DBRS notes that Qwest Corp.’s stable capital structure and cash flow from operations continues to support the cash needs of the rest of the group including free cash flow deficits from its long-haul business and interest costs on roughly US$10 billion in non-Qwest Corp. debt. With improved EBITDA losses in its long-haul business along with reduced capex levels, Qwest, on a consolidated basis, has improved its ability to generate free cash flow (DBRS expects roughly US$800 million for 2005). Despite ongoing revenue pressure at Qwest Corp., as a result of competition and technology substitution, this entity has been able to maintain its EBITDA levels and strong EBITDA margins (above 50%, which is healthy for an incumbent telco) through cost-cutting efforts and growth of new services such as long-distance and DSL.
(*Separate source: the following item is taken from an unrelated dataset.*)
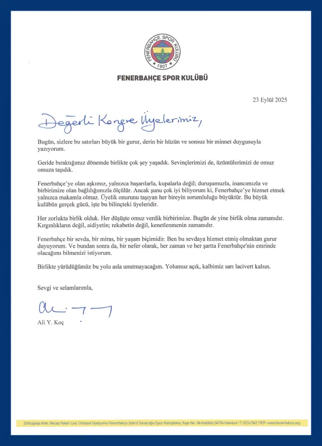 Öte yandan Ali Koç kongre üyelerine veda mektubu gönderdi. Koç’un mektubunda, “Bugün, sizlere bu satırları büyük bir gurur, derin bir hüzün ve sonsuz bir minnet duygusuyla yazıyorum. Geride bıraktığımız dönemde birlikte çok şey yaşadık. Sevinçlerimizi de, üzüntülerimizi de omuz omuza taşıdık.

While some recent reduction in access line losses has been provided by a reprieve of further competition by wholesale carriers as UNE-P rules, among others, were overturned by the Federal Communications Commission at the beginning of the year, cable operators have begun to aggressively roll out telephony services and will likely be significant players in this market going forward. The entrance of a new competitor and ongoing technology substitution is expected to continue to erode Qwest Corp.’s access line base going forward, which could pressure EBITDA as cost-cutting efforts will not be able to be maintained indefinitely.
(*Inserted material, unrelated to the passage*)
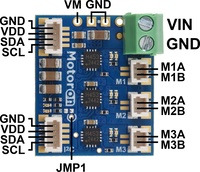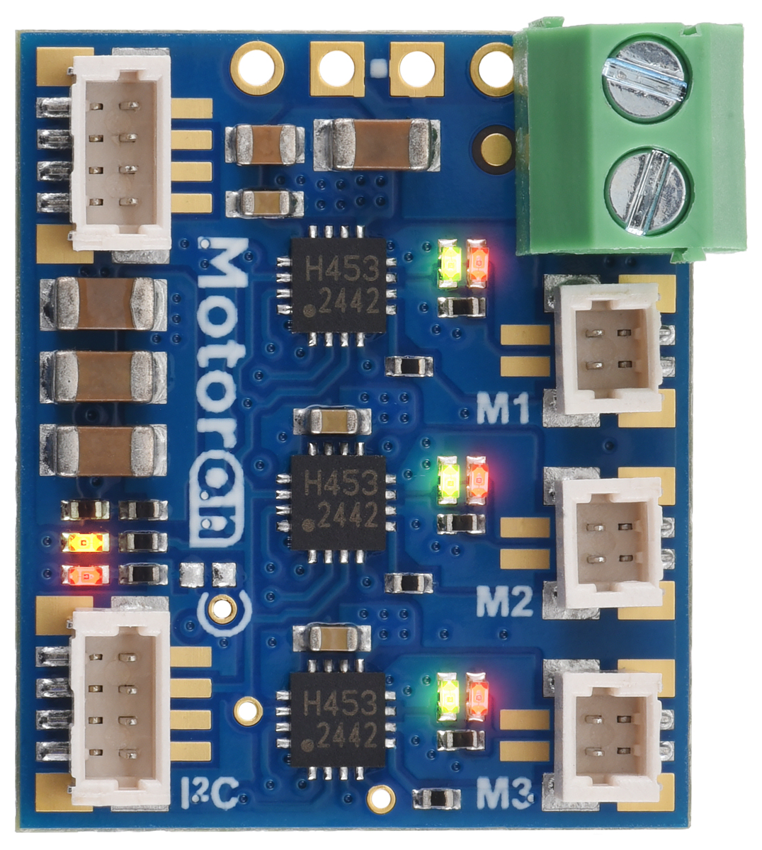 Using a Motoron M3T453 Triple I²C Motor Controller with JST SH-Style Connectors to control three motors. |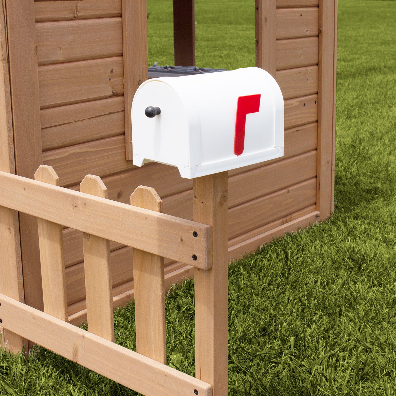 Brilliantly designed with 100% all natural cedar wood. Decorative white gable triangles, white windows, flower pot holders and a working dinner bell are all included. The outside of the playhouse encompasses a working door with an oval overhead door window.

DBRS believes that Qwest’s long-haul business will face additional challenges in this space in 2006 as AT&T Corporation and MCI, Inc. are expected to compete aggressively with the support of their new parents, SBC Communications Inc. (“SBC”) and Verizon Communications Inc. (“Verizon”). While DBRS expects that Qwest could benefit from any required dispositions as part of SBC’s and Verizon’s acquisitions, this will likely be modest.
Overall, despite some improvement in Qwest’s free cash flow deficits generated from its long-haul business, DBRS continues to believe that Qwest will need to undertake a significant change in its strategic direction in order to reduce the pressure that the long-haul business places on its incumbent telco operations. This would allow the group’s ratings to better reflect the credit strength at Qwest Corp.
Note:
p - This rating is based on public information.